Check for the new on_conflict options & update docs

2025-11-28 16:10:07 +01:00
parent bdffeb6ef5
commit 450b1fa24c
2 changed files with 18 additions and 13 deletions
--- a/crates/config/src/sections/upstream_oauth2.rs
+++ b/crates/config/src/sections/upstream_oauth2.rs
@@ -120,14 +120,14 @@ impl ConfigurationSection for UpstreamOAuth2Config {

            if matches!(
                provider.claims_imports.localpart.on_conflict,
-                OnConflict::Add
+                OnConflict::Add | OnConflict::Replace | OnConflict::Set
            ) && !matches!(
                provider.claims_imports.localpart.action,
                ImportAction::Force | ImportAction::Require
            ) {
                return Err(annotate(figment::Error::custom(
-                    "The field `action` must be either `force` or `require` when `on_conflict` is set to `add`",
-                )).into());
+                    "The field `action` must be either `force` or `require` when `on_conflict` is set to `add`, `replace` or `set`",
+                )).with_path("claims_imports.localpart").into());
            }
        }

--- a/docs/setup/sso.md
+++ b/docs/setup/sso.md
@@ -69,20 +69,25 @@ The template has the following variables available:

 ## Allow linking existing user accounts

-The authentication service supports linking external provider identities to existing local user accounts.
+The authentication service supports linking external provider identities to existing local user accounts if the `localpart` matches.

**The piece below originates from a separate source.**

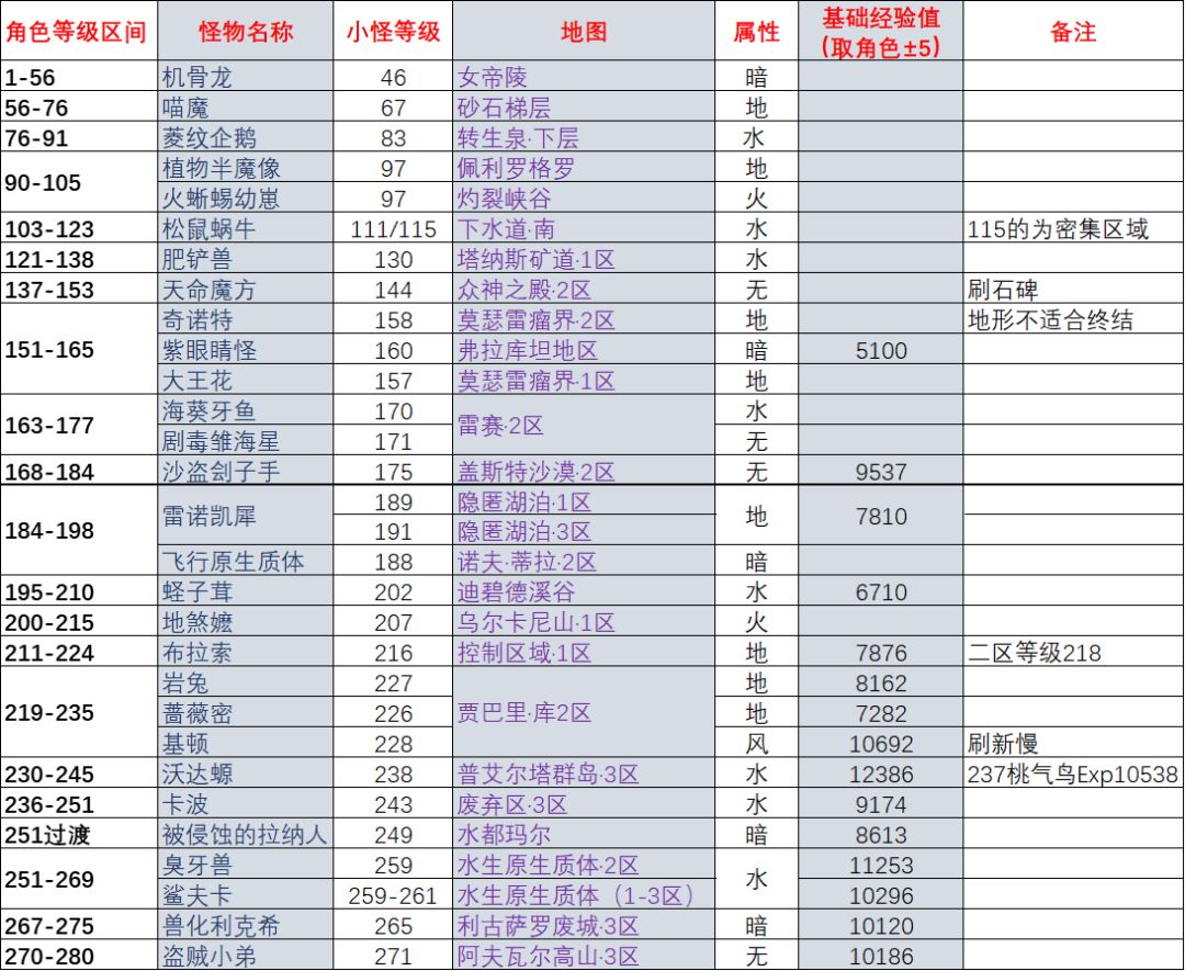 小怪升级路线自用简洁版(1-280)

-To enable this behavior, the following option must be explicitly set in the provider configuration:
+If the `localpart` given by the upstream provider matches an existing user and the `claims_imports.localpart.action` is set to `force` or `require`, by default the service will refuse to link to that existing account.
+This behaviour is controlled by the `claims_imports.localpart.on_conflict` option, which can be set to:
+
+  * `fail` *(default)*: fails the upstream OAuth 2.0 login
+  * `add`: automatically adds the upstream account to the existing user, regardless of whether the existing user already has another upstream account or not
+  * `set`: automatically adds the upstream account to the existing user only if there are no other upstream accounts for that provider linked to the user
+  * `replace`: automatically replaces any upstream account for that provider linked to the user

 ```yaml
-claims_imports:
-  localpart:
-    on_conflict: add
+upstream_oauth2:
+  providers:
+   - id: …
+     claims_imports:
+       localpart:
+         action: force
+         on_conflict: set
 ```
-`on_conflict` configuration is specific to `localpart` claim_imports, it can be either:
-* `add` : when a user authenticates with the provider for the first time, the system checks whether a local user already exists with a `localpart` matching the attribute mapping `localpart` , _by default `{{ user.preferred_username }}`_. If a match is found, the external identity is linked to the existing local account.
-* `fail` *(default)* : fails the sso login.
-
-To enable this option, the `localpart` mapping must be set to either `force` or `require`.

 > ⚠️ **Security Notice**
 > Enabling this option can introduce a risk of account takeover.